◆ **Provided material**:
►

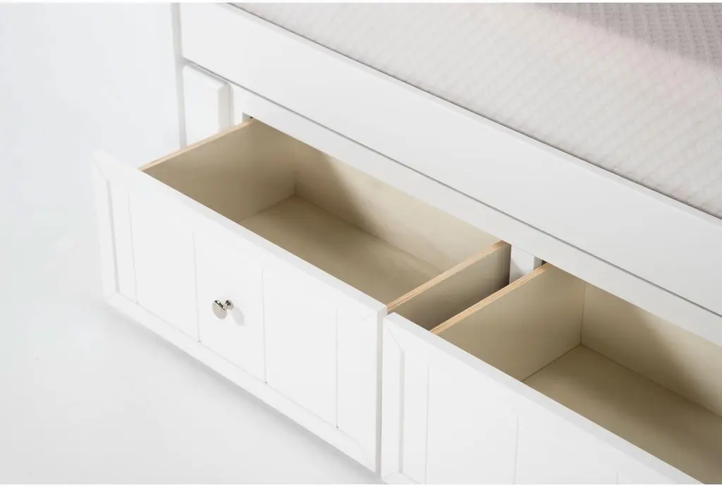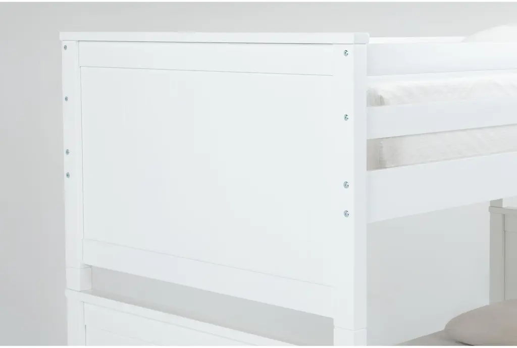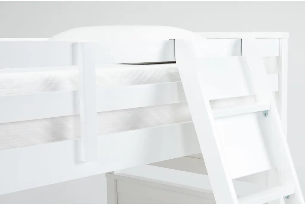 The Luca White Twin Over Twin Wood Bunk Bed with Ladder & 3-Drawer Storage Unit is a perfect addition to any kids' bedroom. This contemporary bunk bed is designed to maximize space while providing a stylish and functional sleeping solution. The solid pine and MDF construction ensures durability and stability for years to come.
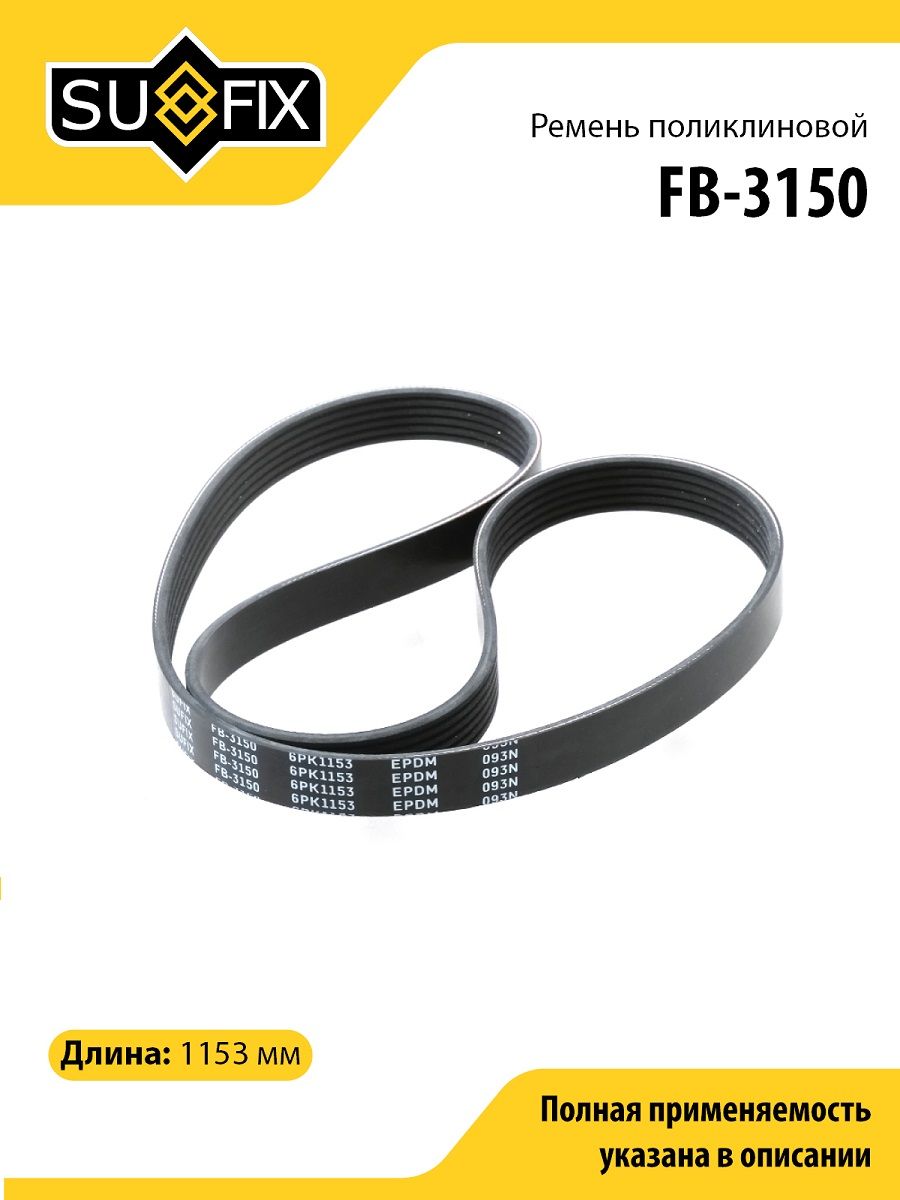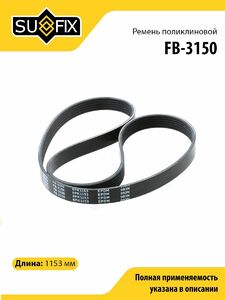 Ремень поликлиновой SUFIX FB-3150. Применение: CITROEN Jumper 1.9 td 94-02, FIAT Ducato 1.9D 94-02, PEUGEOT 307 2.0 00>, VW Caddy/Golf 1.4-1.6 91-97/Vento 1.4-1.8 91-98.
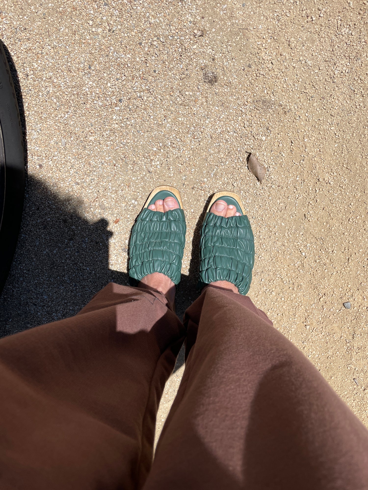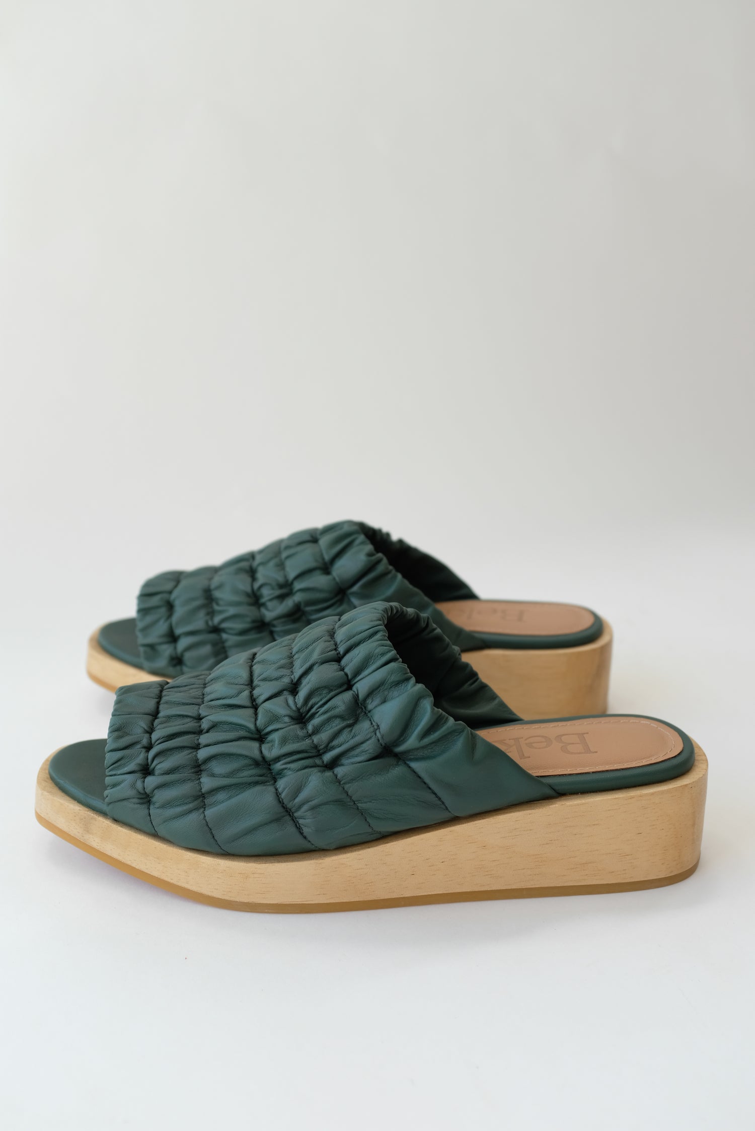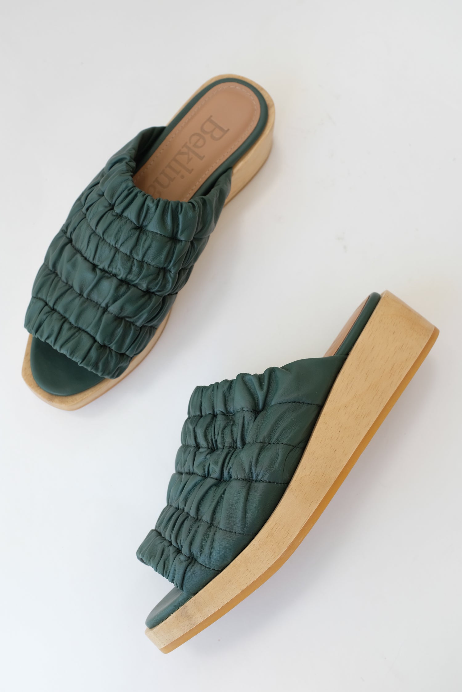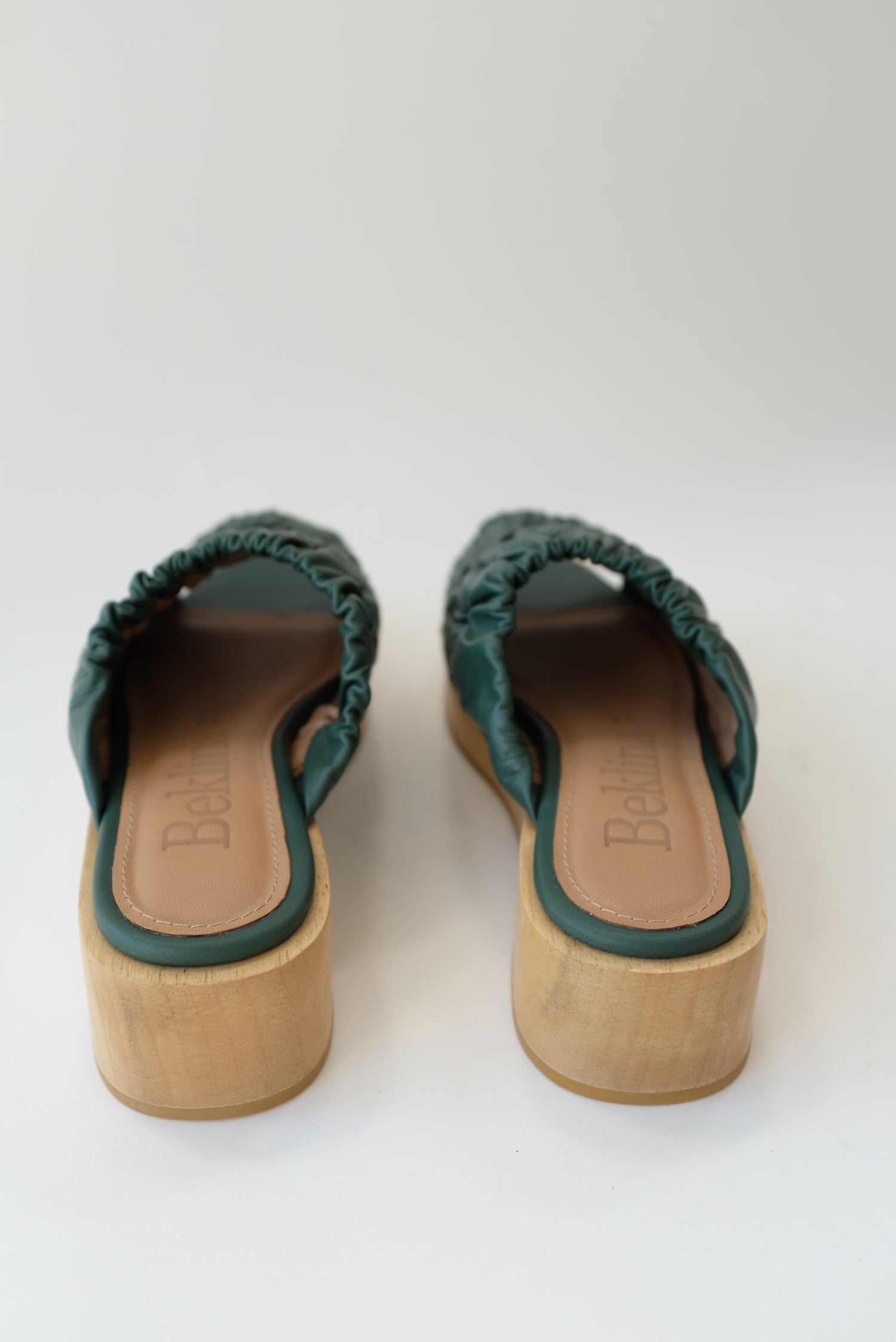 Beautiful mid-height hand carved wooden wedge clog, with a soft gathered 100% leather upper, open toe, and leather lined. Total heel height is 1 1/2"

◄

◆ **Work to complete**: A word-for-word copy of the listing is needed. It must not include the pictures.

◆ **Task result**:
 The Luca White Twin Over Twin Wood Bunk Bed with Ladder & 3-Drawer Storage Unit is a perfect addition to any kids' bedroom. This contemporary bunk bed is designed to maximize space while providing a stylish and functional sleeping solution. The solid pine and MDF construction ensures durability and stability for years to come.
 Ремень поликлиновой SUFIX FB-3150. Применение: CITROEN Jumper 1.9 td 94-02, FIAT Ducato 1.9D 94-02, PEUGEOT 307 2.0 00>, VW Caddy/Golf 1.4-1.6 91-97/Vento 1.4-1.8 91-98.
 Beautiful mid-height hand carved wooden wedge clog, with a soft gathered 100% leather upper, open toe, and leather lined. Total heel height is 1 1/2"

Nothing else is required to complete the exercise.